Lauryn Eagle (born 11 December 1987) is an Australian professional boxer and water skiing champion. She was a contestant on the reality television show The Celebrity Apprentice Australia and is a former Miss Teen International 2004.

Water skiing
Coming from a water skiing family, Eagle's father Peter won the Australian title eleven times and sister Sarah placed second at the 2007 World Championships. She first learnt to ski at the age of four and started racing when she was nine years old. In 2003, she placed second in the Junior Division and at the next World Championships in 2005 she won the women's division title in the F2 class. In 2006, she won the Australian Speed Championships (U/19) and the Australian Marathon Championships (U/19). She then finished third at the 2007 World Championship in May in the Formula 1 Division. She retired shortly from racing after her father's death in 2008. In 2009 Lauryn returned to racing, placing third at the 2009 World Championships and, after suffering a big fall in the third race, seventh in the 2011 World Championships.

Professional boxing career
Eagle took up boxing and, upon turning professional in 2010, she went 2–0–1 with one knockout that year; in 2011 she suffered two split-decision losses.

On 13 July 2012, she defeated Kiangsak Sithsaithong (then 9–0–0 4KO) by a 5th-round TKO to win the World Boxing Foundation women's super featherweight title, improving her record to 3–2–1 2 knockouts.

The match was widely criticised within the boxing media. Commentators pointed out that Eagle had not fought more than six rounds in her career and had not won a fight since 2010. It was also noted that Sithsaithong's record was almost entirely against debut fighters in Thai villages.

In September 2012, Eagle participated in a promotional fight against Fox FM radio presenter Matt Tilley in a 'Champ vs Chump' promotion. Eagle won the three-round fight by a TKO in the third round. Two days later Eagle fought New Zealand's Nicki Bigwood as an undercard to former professional rugby league footballer Solomon Haumono's fight, winning in a unanimous decision in a six-round bout.

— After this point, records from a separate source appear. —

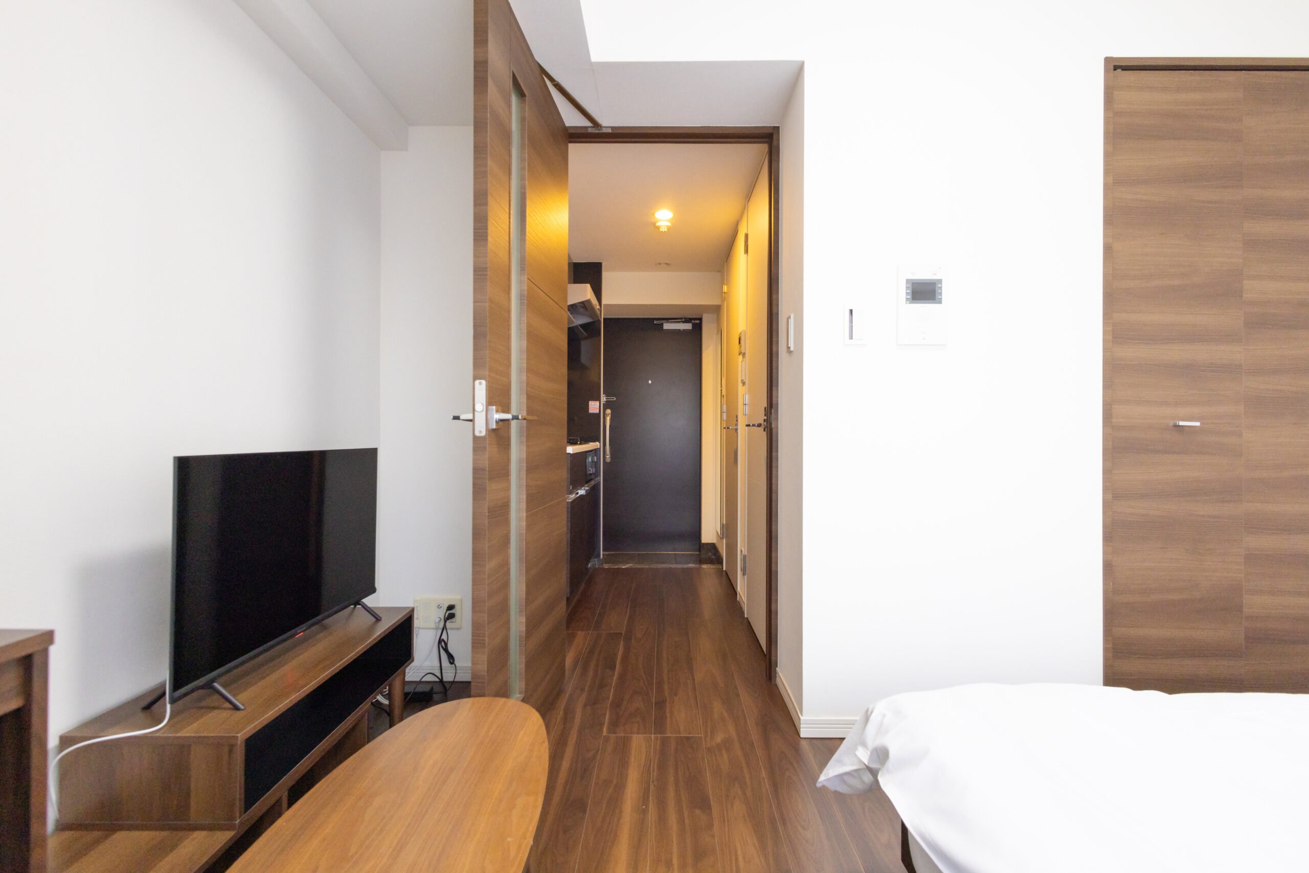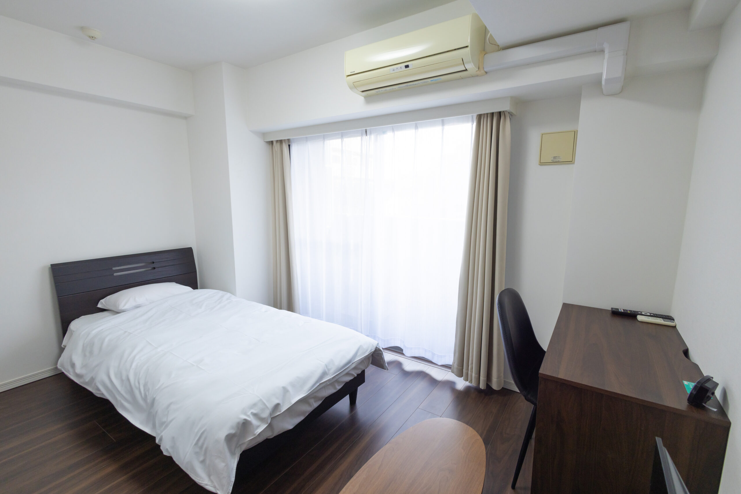 | 家具 | イス、カーテン付き、シーツ類、テーブル、テレビ台、デスク、ベッド、寝具一式 |
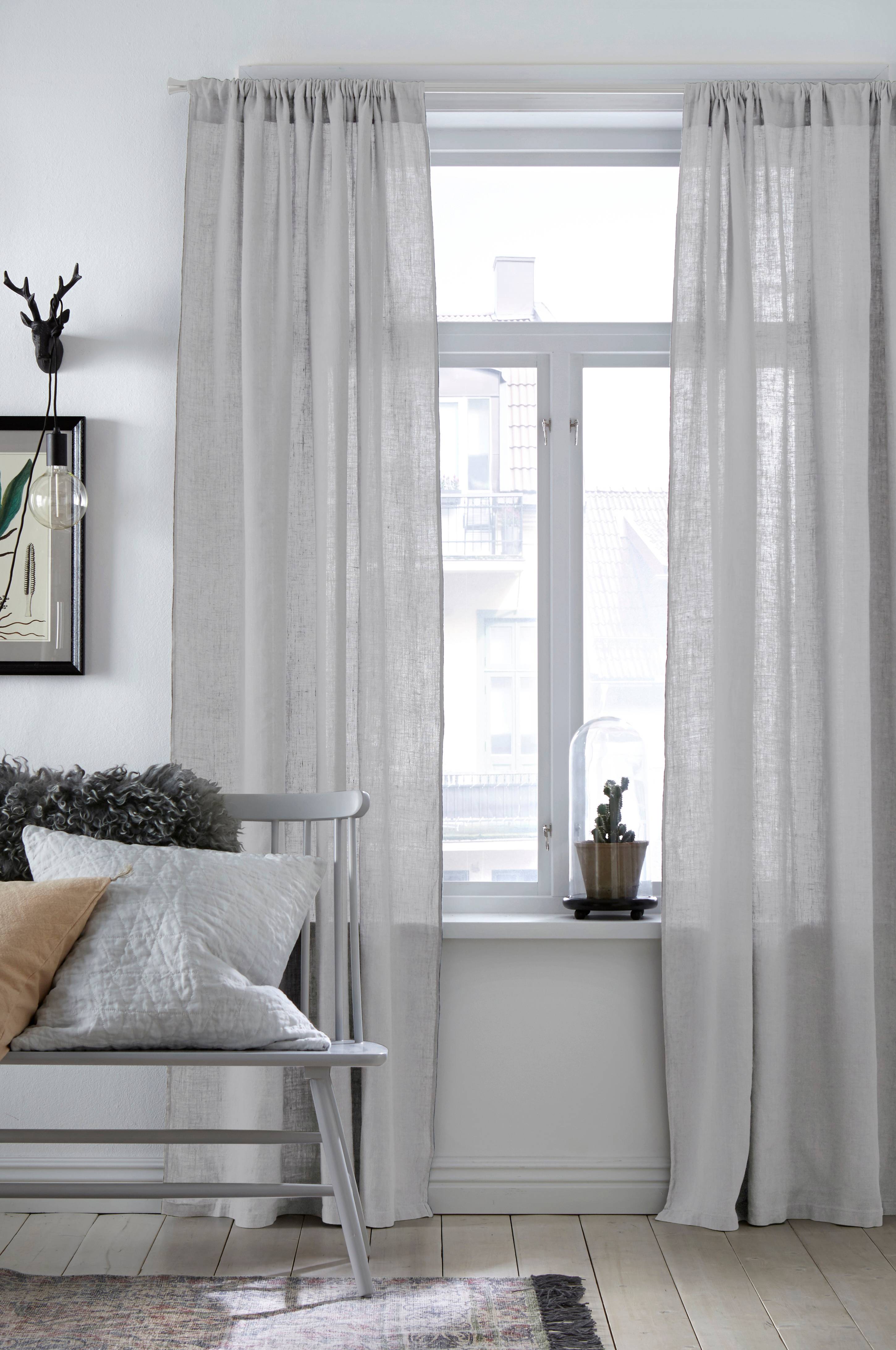 Sømmede sider. Syet løbegang foroven. Bredde 145 cm. Findes i 3 længder: 160 cm, 220 cm & 250 cm. Ægte hør i løstvævet voile med smuk struktur. Kan krybe ca. 7%. Vaskes separat. Vælg mellem at stryge glat eller at tørretumble ved lav temperatur for en blød fornemmelse og et vasket look.
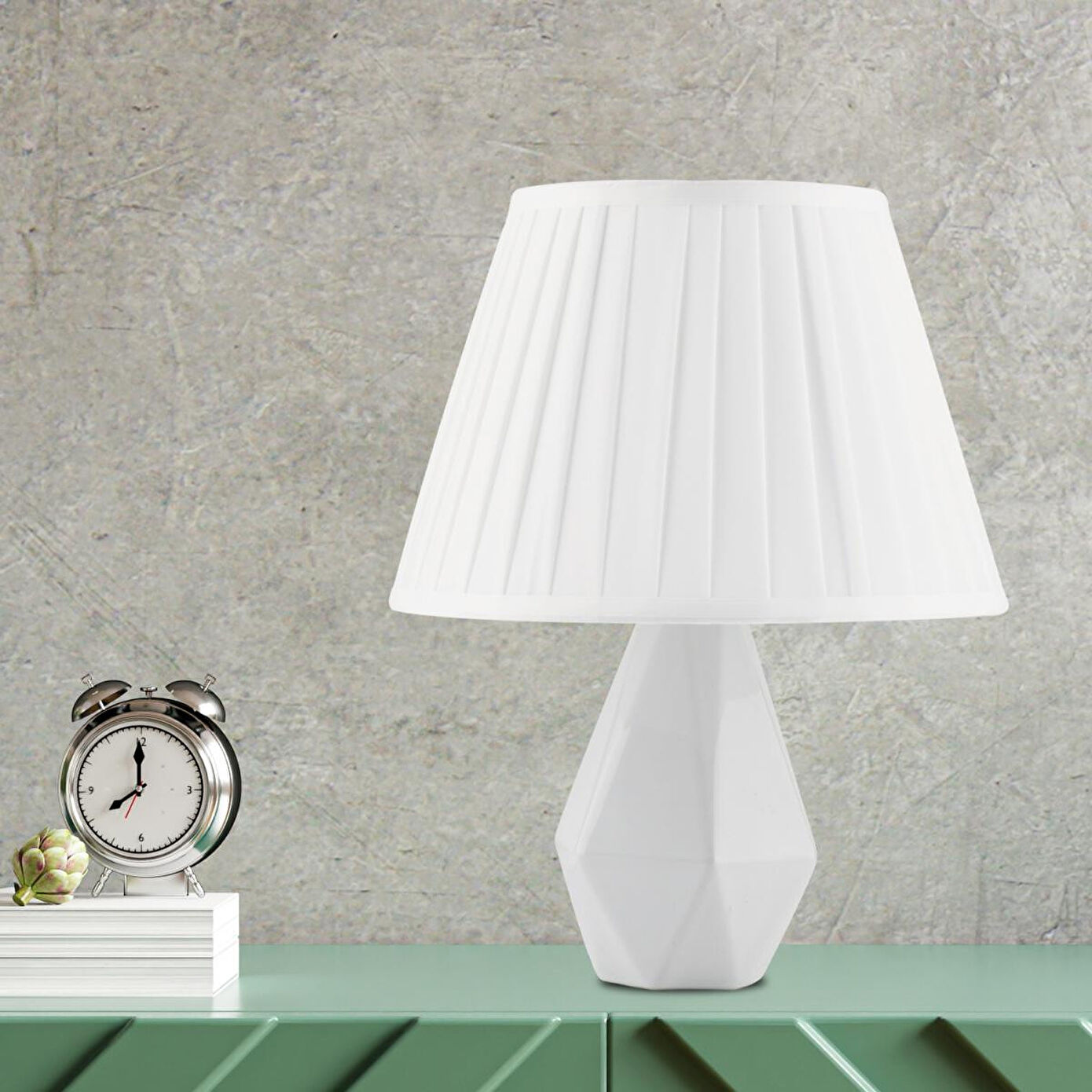 Apliqa Tardu Beyaz Şapkalı Beyaz Seramik Salon-yatak Odası Tasarım Abajur
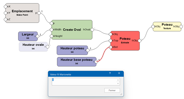 Les deux ports sont connectés par un fil. La sortie d’un nœud peut être connectée à plusieurs entrées d’autres nœuds. Inversement, une seule entrée peut être connectée à plusieurs sorties.
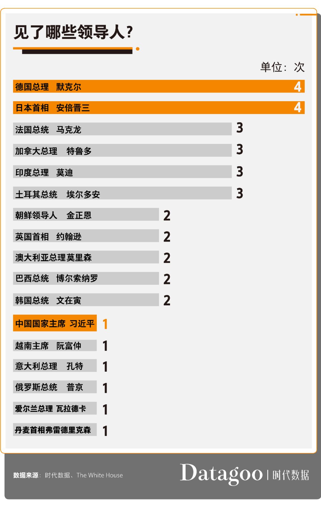 在这一年中,川普总共见了16位国家领导人。其中,与川普会晤最多国家领导人是德国总理默克尔和日本首相安倍晋三,均达到4次;其次是法国总统马克龙、加拿大总理特鲁多、印度总理莫迪和土耳其总统埃尔多安,各3次。值得注意的是,川普与朝鲜领导人金正恩的见面也达到历史最多的两次。
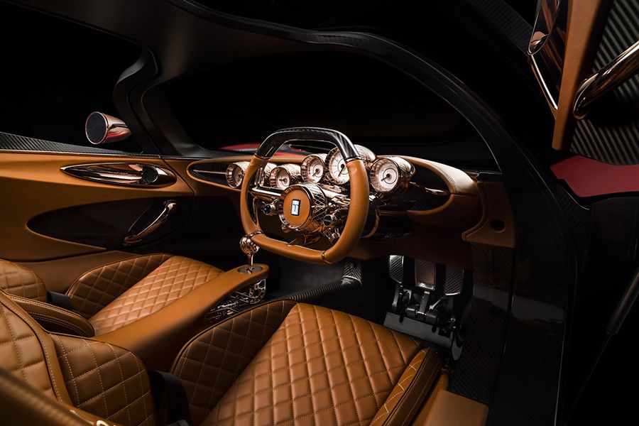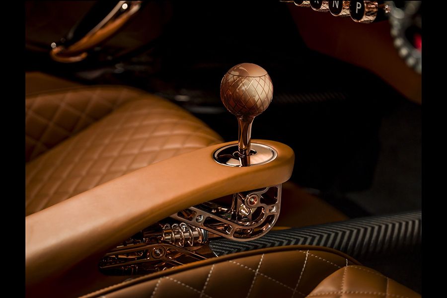 Por increíble que parezca, el interior del P72 es aún más cautivador que su carrocería. La disposición de los asientos, la piel color caramelo en patrón de rombos que cubre cada superficie táctil, la consola central con el varillaje de la transmisión expuesto, y el tablero que parece haber sido confeccionado por un joyero artesano, son el complemento perfecto para su elegancia exterior. Desde el Spyker C8 Preliator, no habíamos visto un habitáculo tan detallado y enfocado a la belleza pura.
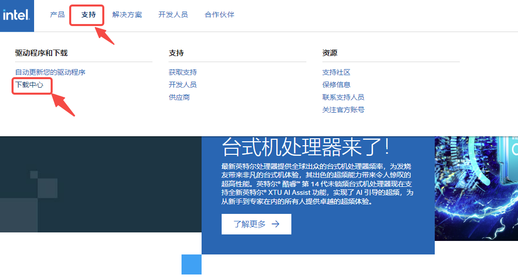 (1)百度搜索“Intel官网”,进入官网,点击页面上方的“支持”,然后点击“驱动程序和下载——下载”;
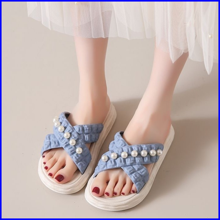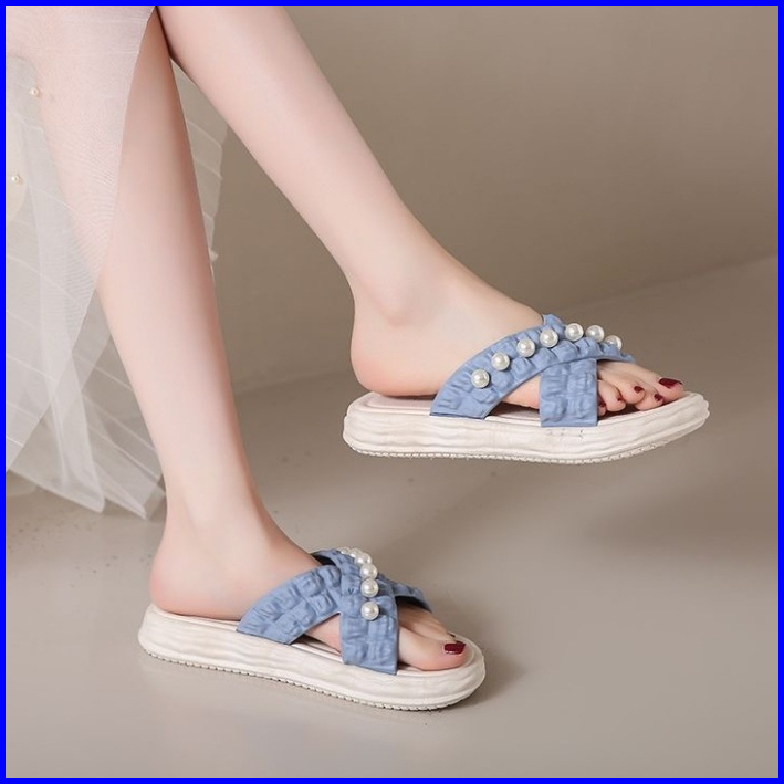Muzy Sandal Wanita Flat Korean Tali Silang Mutiara Anti Slip Flat Shoes Wanita Sendal Wanita Hsn218

On January 30, 2013 she won the vacant Australia female lightweight title beating Nadine Brown on points at the Sydney Entertainment Centre.

Modeling and media
Eagle also has a keen interest in modelling. In 2005, she competed in Miss Teen Australia in Darwin and won the title along with Miss Congeniality. She then went to Costa Rica in Central America and competed in Miss Teen International and made a clean sweep, winning Miss Teen International, along with Most Photogenic, Miss Congeniality and Best Silhouette.

In 2006, she won the FHM Lara Croft Challenge, involving physical challenges of shooting, running, ropes, ladders, 4-wheel driving and swimming.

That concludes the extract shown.